Functions of the Complement System
Regardless of the pathway used (classical, alternative and lectin pathways) the activation of the complement system results in the generation of the C3 and C5 convertases which are cleaved into the main effectors molecules, the C3a and C5a anaphylatoxins and the opsonins C3b and C5b. The C3a and C5a molecules induce pleiotropic effector functions by binding to their specific receptors C3aR and C5aR1/2, respectively (Klos et al., 2009), C5b leads to the formation of the membrane attack component (MAC) and C3b is related to the phagocytosis of the opsonized targets (Ricklin et al., 2010), The balance between the activation and inhibition of the complement system is essential to protect cells from damage induced by an indiscriminate level of immune response. Complement activation is finely regulated by complement regulatory proteins (Cregs), including soluble (C1 inhibitor, factor H, and C4b-binding protein) and membrane-associated (CD46, CD55, CR1, and CD59) proteins, which regulate the activation of the complement cascade, mainly at the C3 convertase stage (Kim and Song, 2006; Zipfel and Skerka, 2009; Ricklin et al., 2016; Arbore et al., 2017).

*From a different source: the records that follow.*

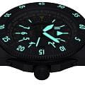 Циферблат отличается детальной функциональностью: в центре — крупные арабские цифры и стрелки, покрытые люминесцентным покрытиемЛюминесцентное покрытиеПозволяет считывать показания времени в темноте. Производители наносят на стрелки, часовые индексы, безель или поверхность циферблата светонакопительный состав, дающий холодное свечение., обеспечивающими мгновенное считывание времени даже в темноте. На «3 часах» — окошко даты, а индикатор второго часового пояса (GMT) удобно расположен на «9 часах». С внешней стороны — вращающийся безельБезельВнешний ободок, закрепляющий стекло. В спортивных часах так называется поворотное кольцо с делениями на циферблате, выполняет роль таймера – замеряет отрезки времени на шкале. Неподвижный безель – элемент декора. Однонаправленно вращающийся безель на дайверских часах позволяет фиксировать моменты погружения и выныривания на поверхность. с PVD-покрытиемPVDУльтратонкое покрытие наносится в технике вакуумного напыления, сочетает в себе нитрид титана особой прочности со слоем золота или оксида хрома. Несёт в себе декоративную или защитную функцию. с насечкой и градусной шкалой для секунд — идеален для расчёта времени пути или времени прибытия  .
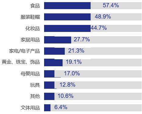 商品品類方面,57.4%的企業(yè)選擇食品作自采自營,其次為服裝鞋帽 (48.9%) 及化妝品
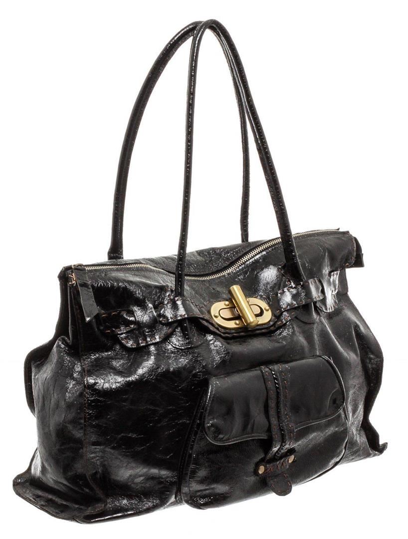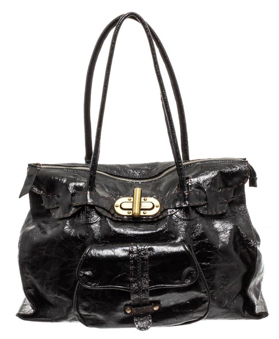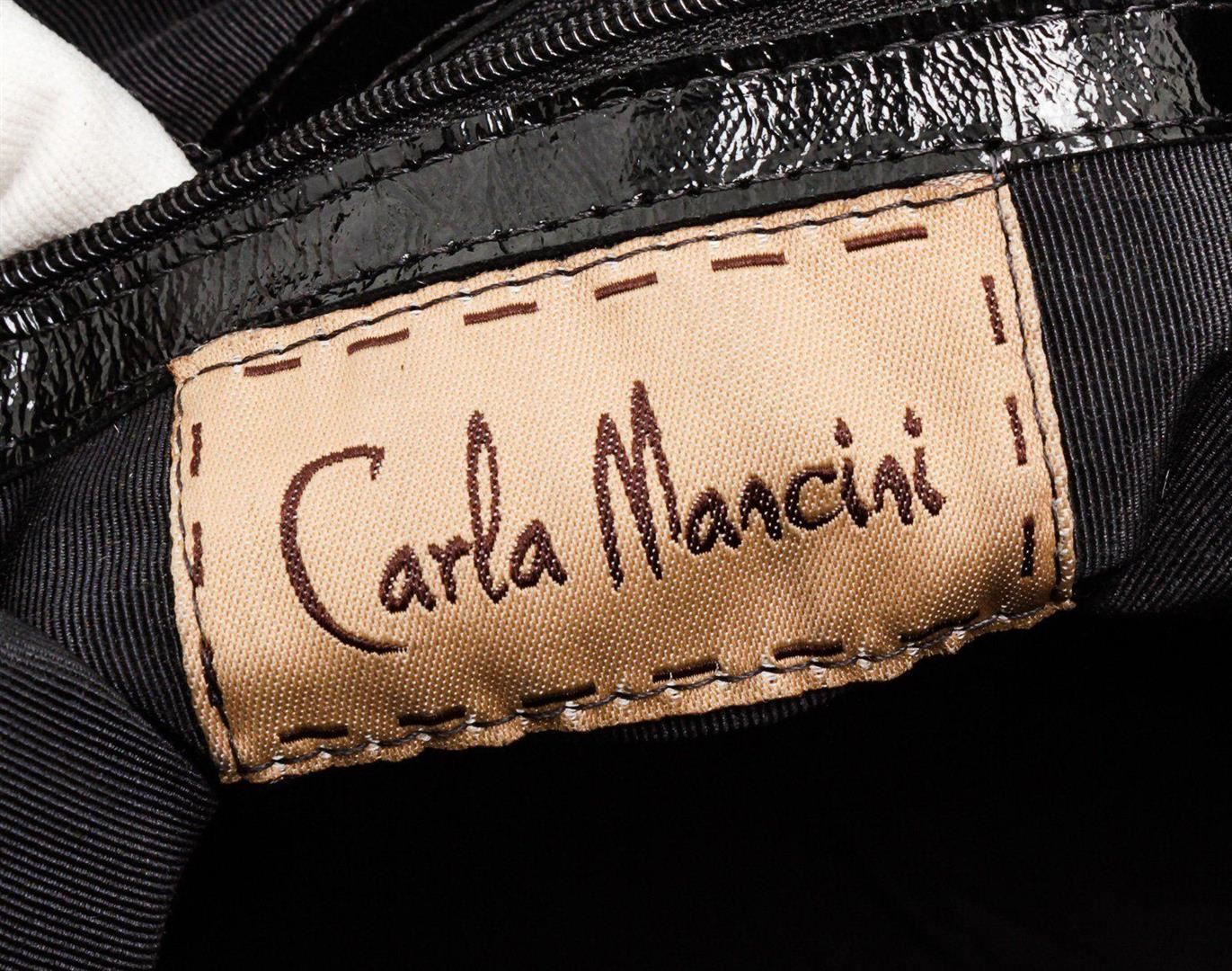 Carla Mancini black crinkle patent leather tote bag with black nylon lining, interior zip pocket, front exterior flap pocket, zip top closure. Measurements: Length: 16.5 in / 42 cm Width: 5.5 in / 14 cm 11 in / 28 cm Condition: Pre-Owned Good overall, please see photographs for detail.
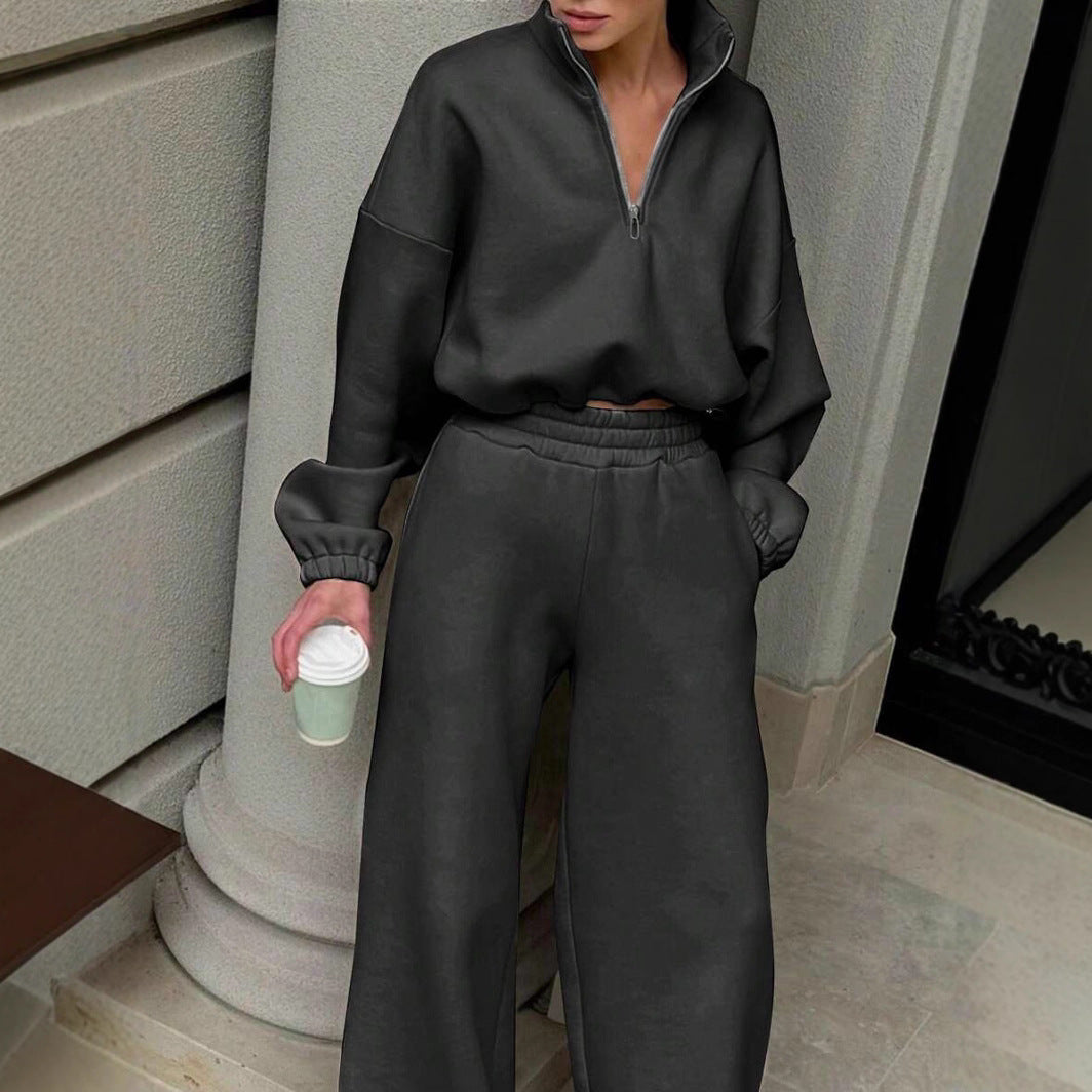 Dame hoodie en polaire avec demi-zip Chic und Stil

The complement system is usually thought of as a serum circulating and membrane-bound protein system where the liver is the main source of their components and the main function is the detection and elimination of circulating pathogens as part of the innate immune response (Ricklin et al., 2010). However, the findings that most of immune cells can produce complement proteins and express their receptors have led to the notion that the complement system also has non canonical functions in the adaptive immune response (Klos et al., 2009; Ricklin et al., 2010; Killick et al., 2018). This intracellular complement, was named as complosome to set it apart from the liver-derived and serum-circulating complement system (Killick et al., 2018). Complement molecules might act indirectly or directly on T cells, either promoting or inhibiting immune responses (Heeger and Kemper, 2012; Clarke and Tenner, 2014; Liszewski et al., 2017; Moro-García et al., 2018; West et al., 2018).
Regarding the indirect effects, signals delivery after the activation of the C3aR, C5aR by the binding of C3a and C5a, respectively, induce the maturation of the APC (i.e. dendritic, macrophages, and monocytes) by the secretion of interleukin IL-12, upregulation of the major histocompatibility class II necessary for the induction of a good Th1 response (Kemper and Atkinson, 2007). In contrast, the binding of the C3R by the inactivated form C3b (iC3b) on the APCs activates the production of the regulatory cytokines IL-10 and TGF-b which act as a negative regulators of T-cell responses (Figure 1; Sohn et al., 2003). In relation to the direct effects of the complement system on the T-cell function, following antigen stimulation C3a and C3b are translocated to the T-cell membrane where they engage their receptors, C3aR and the costimulatory CD46 (West et al., 2018), respectively. These interactions mediates the cellular metabolic reprogramming of T cells by the induction of the mTOR program involved in the upregulation of the aerobic glycolysis and oxidative phosphorylation process necessary for the induction of the Th1 response (Figue 1; Liszewski et al., 2017; West et al., 2018). Additionally, there is downregulation of the membrane-bound complement negative regulator CD55 further promoting the differentiation into Th1 effector cells (Lalli et al., 2007). On the other hand, the activation of the complement receptor 1 (CR1) in T cells might inhibit IL-2 production, and proliferation, and promote the secretion of IL-10 leading to a shut-down of the T-cell response (Figure 1).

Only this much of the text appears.